New Brain Scan Can Now Detect Autism In Infants As Old As 6 Months.
By scanning the brains of babies whose siblings have autism, researchers say they have been able to make reasonably accurate forecasts about which of these high-risk infants will later develop autism themselves.
Currently, clinicians can't diagnose autism until toddlers that are about 2, when the first behavioral and language symptoms of the developmental disorder become noticeable. Scientists are developing more sophisticated screening tests that rely on brain-imaging techniques or eye-tracking technologies that monitor an infant's gaze to pick up early autistic signs still there is no reliable way to diagnose the condition in younger infants.

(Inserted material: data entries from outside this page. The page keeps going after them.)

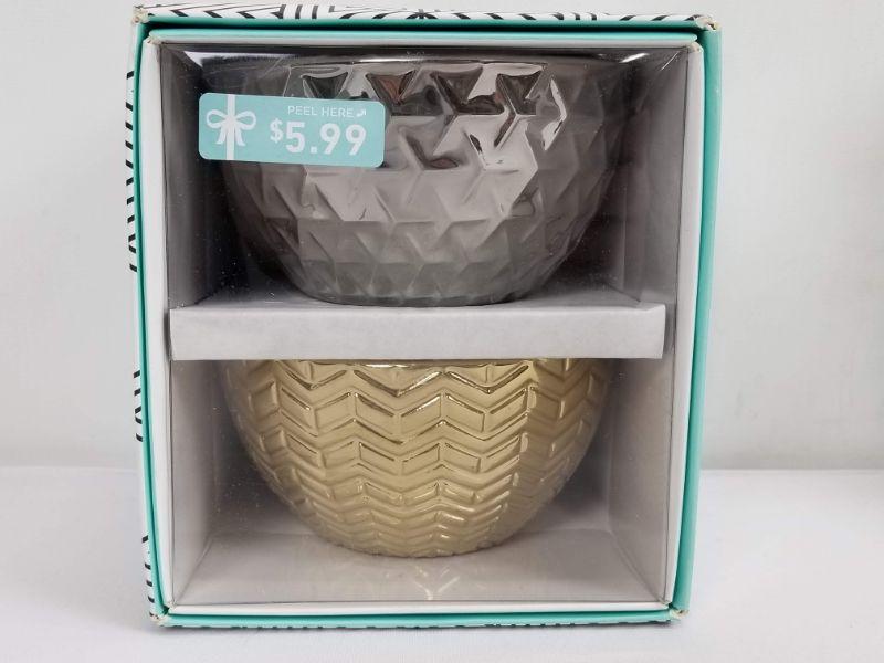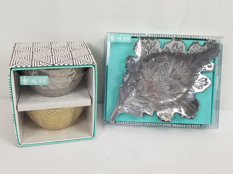 Decorative Dishes: 2 Set of Mini Bowls + Silver Leaf - New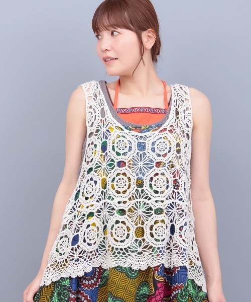 ナチュラルな雰囲気漂う、かぎ編み風ベスト ■デザイン ドライタッチなコットン糸のかぎ針編み風のベスト。 綿100%の素材で、涼しげでやさしい風合いと、さらりとした軽い着心地が魅力です。 ざっくりとしたお花モチーフの柄は甘すぎず、Tシャツなどに重ねてカジュアルに着こなせます。 ショートすぎずロングすぎない、絶妙なミドル丈でヒップ周りをふんわりカバー。 レイヤードスタイルがきまる、着回し力抜群の一枚です。 ■サイズ感 レディースフリーサイズ ゆったりとした身幅で、オーバーサイズのトップスとのレイヤードも◎ ■素材感 さらっとした肌触りの綿100%素材。 ドライな質感で快適に着られます。 ■スタイリング Tシャツやタンクトップに重ねるだけで、コーデの雰囲気ががらりと変わります。 デニムパンツやフレアスカートなど、定番のボトムスにも好相性。 ワンピースに重ねて、ナチュラルテイストな着こなしもおすすめです。 レイヤードするだけでスタイリングを格上げしてくれる、マストバイな1枚です。 ■カラー チャコールグレー/グリーン/ナチュラル ■お手入れドライクリーニング --------------------------------- 透け感:透ける 伸縮性:あり 裏地 :なし 光沢 :なし 生地の厚さ:普通 ポケット:なし --------------------------------- 【お取扱い上のご注意】 この製品は、大変デリケートな素材ですので、取り扱いにご注意ください。 ・洗濯は取り扱い絵表示の方法をお守りください。 ・素材の特性上、引っ掛かりやすい構造になっておりますので、着用時の引っ掛けに十分ご注意ください。 クリーニングによって多少縮むことがあります。 保管の際は、伸びる可能性がありますので、ハンガーに掛けずに平らに保管してください。 ・製品染めの為、一点一点に微妙な色、風合い、サイズなどの違いがあります。また、多少の色ムラが生じることがあります。予めご了承ください。 ・染料の性質上、水や汗などで湿った状態、 及び摩擦により色移りする恐れがありますのでご注意ください。 ・洗濯の際は、単独洗いしてください。 ・汗により他の製品に色移りしますので、 白や淡色物との組み合わせはお避けください。 ・光(電気や日光)により変色しますのでご注意ください。 【TITICACAのお買いものをお楽しみいただくために!】 ▼商品のお気に入り登録 完売カラーの再入荷通知や、ラスト1点の通知、セールの通知も受け取ることができます。 ▼ブランドのお気に入り登録 新商品や再入荷など、いち早くブランドのお得な情報を受けることができます!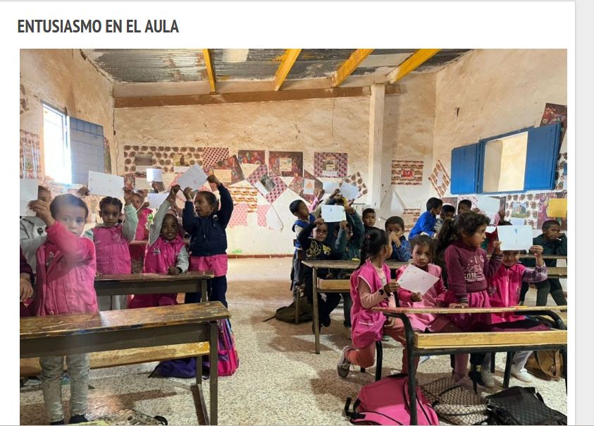 Quien haya estado alguna vez en las aulas de esas escuelas, mientras se desarrolla una clase, no importa de qué materia, ha podido contagiarse del entusiasmo con el que las chicas y los chicos responden a los estímulos, con los que el personal docente procura llamar su atención. Casi todos levantan sus manos para ser los primeros en dar respuesta a una pregunta o para mostrar la tarea encargada, y llevada a cabo, o bien en la propia aula, o bien en la penumbra de la jaima o el beit familiares, en cualquier caso, no en las mejores condiciones, sí cercanas a la peores para cumplir con unas tareas, como las que los escolares pugnan por hacer valer, mostrándolas en alto, para que sean bien vistas y adecuadamente apreciadas.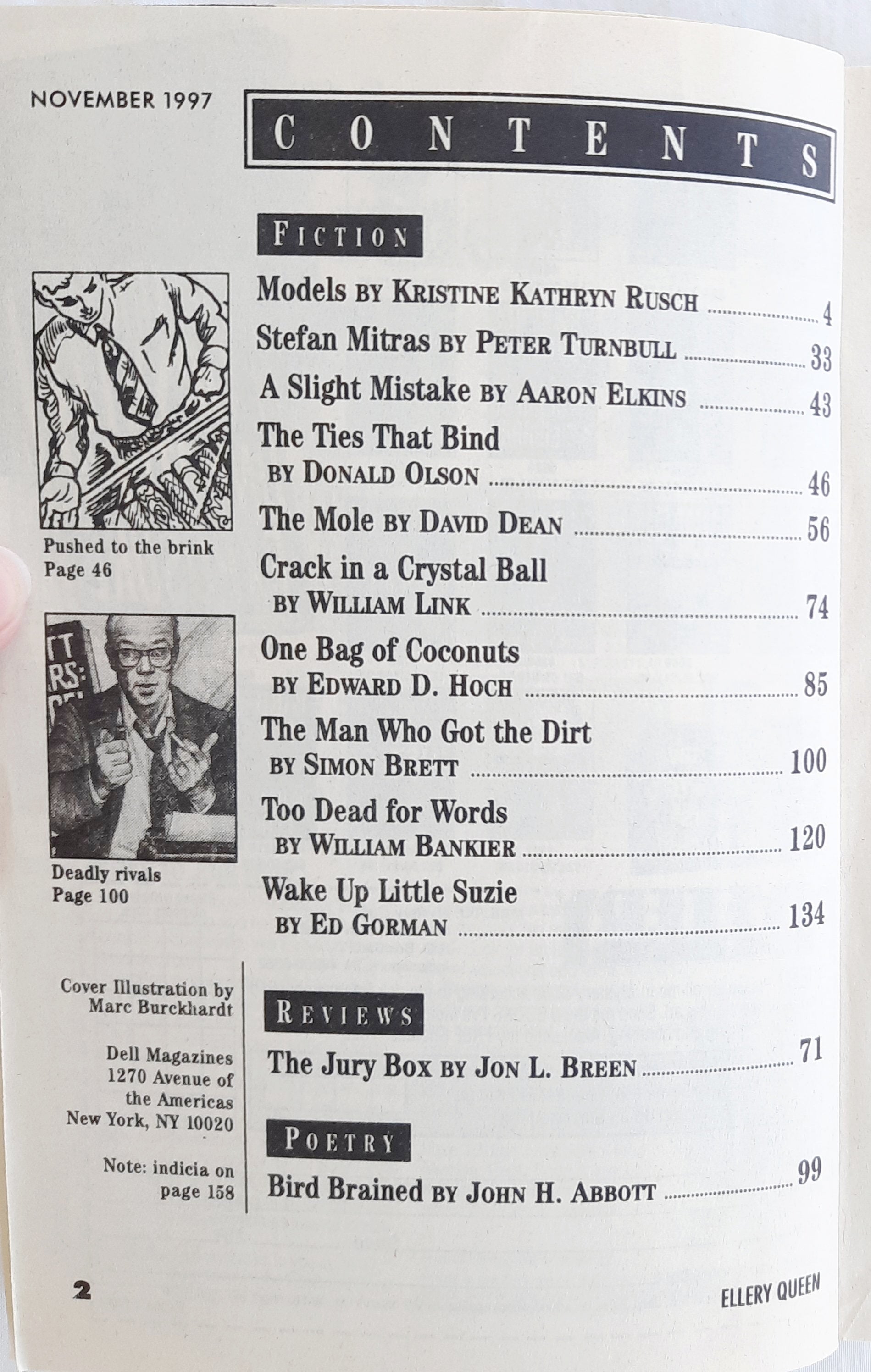 Ellery Queen Mystery Magazine November 1997 by Dell Magazine (Very Good, Pbk, 158 pages)

The director of Eunice Kennedy Shriver National Institute of Child Health and Human Development in the US, Diana Bianchi and NIH-funded investigators at the University of North Carolina at Chapel Hill and Washington University School of Medicine in St. Louis used specific magnetic resonance imaging procedure to determine 82 percent of the newborns, who would go on to have autism (9 out of 11) and it correctly identified all of the children, who did not develop autism by using functional connectivity magnetic resonance imaging (fcMRI).
Researchers used a computer-based technology called machine learning, which trains itself to look for differences that can separate the neuro imaging results into two groups, autism or non-autism, and predict future diagnoses. Joshua Gordon, director of the National Institute of Mental Health said that in the future, neuro imaging may be a useful tool to diagnose autism or help health care providers evaluate a child's risk of developing the disorder.
The team eventually found 974 functional connections in the brains of 6 month old infants that were associated with autism-related behaviors. The researchers claimed that a single neuro-imaging scan may accurately predict autism among high-risk infants, but caution that the findings need to be replicated in a larger group. The study is published in the journal of Science Translational medicine.